Lines 123 to 126 in 607a091

    
           if self.md.is_block_level(tag) and (self.intail or (self.at_line_start() and not self.inraw)): 
        
               # Started a new raw block. Prepare stack. 
        
               self.inraw = True 
        
               self.cleandoc.append('\n')

The status gets reset on the first newline.

markdown/markdown/htmlparser.py

Lines 166 to 167 in 607a091

    
           if self.intail and '\n' in data: 
        
               self.intail = False

However, you are simply adding a blank line after the end of the block, which is a simpler solution. I don't recall why I didn't use that solution myself. I might not have considered it, or perhaps it was mucking up some edge cases. In any event, in the md_in_html extension I'm less concerned with altering insignificant whitespace than in the default behavior.

One thing I do wonder about is what if the blank lines you are checking for also contain whitespace. For example, you check for '\n\n', but what if instead the document contains '\n \n '? Maybe if you use blank_line_re as we do in markdown.htmlparser (see L150 above), that will address that concern.

waylan · 2020-10-15T14:31:27Z

I will most likely address #1045 here as well. I'll just make this the "fix HTML parsing" pull.

Fine by me. Regarding that issue. I believe the problem is that I never really fully tested a mix of markdown="1" and regular raw HTML (it was either all one or all the other). If you have the time to go through the extension's tests, please feel free to extend them to fully test the interaction between the two.
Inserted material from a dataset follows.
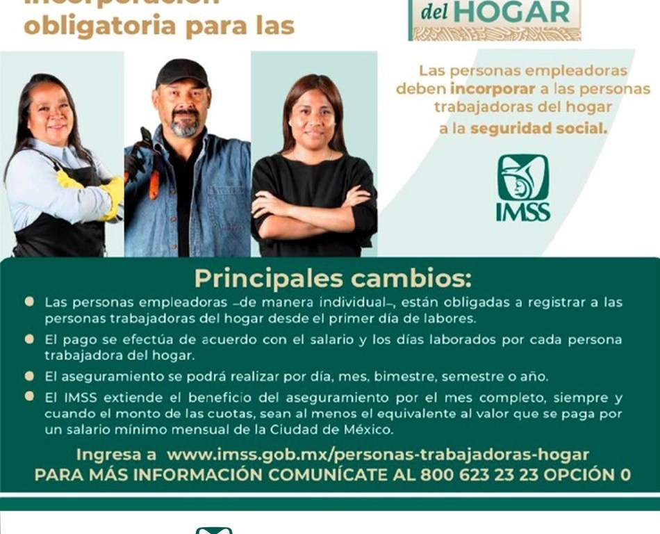Resaltó que, al emplear a personas para trabajar en el hogar se adquiere la obligación de registrarlas ante el IMSS, ya que, cumplir con ese deber confiere a las mismas, protección amplia de las prestaciones económicas y sociales, las cuales contribuyen al equilibrio económico y al desarrollo integral de las personas; además de garantizar la atención médica para su núcleo familiar.

facelessuser · 2020-10-15T15:21:08Z

I'm going to have to work things out on md_in_html

We aren't tracking inraw properly, but when we do, and a block element with markdown="1" is being processed, we have trouble getting the children in order if they have mixed content.

We seem to store raw HTML data in separate structures as other data. I've got some tricky things to work through.

facelessuser · 2020-10-15T16:39:13Z

We are going to probably need to refactor treebuilder logic along with how we store all the HTML data in md_in_html.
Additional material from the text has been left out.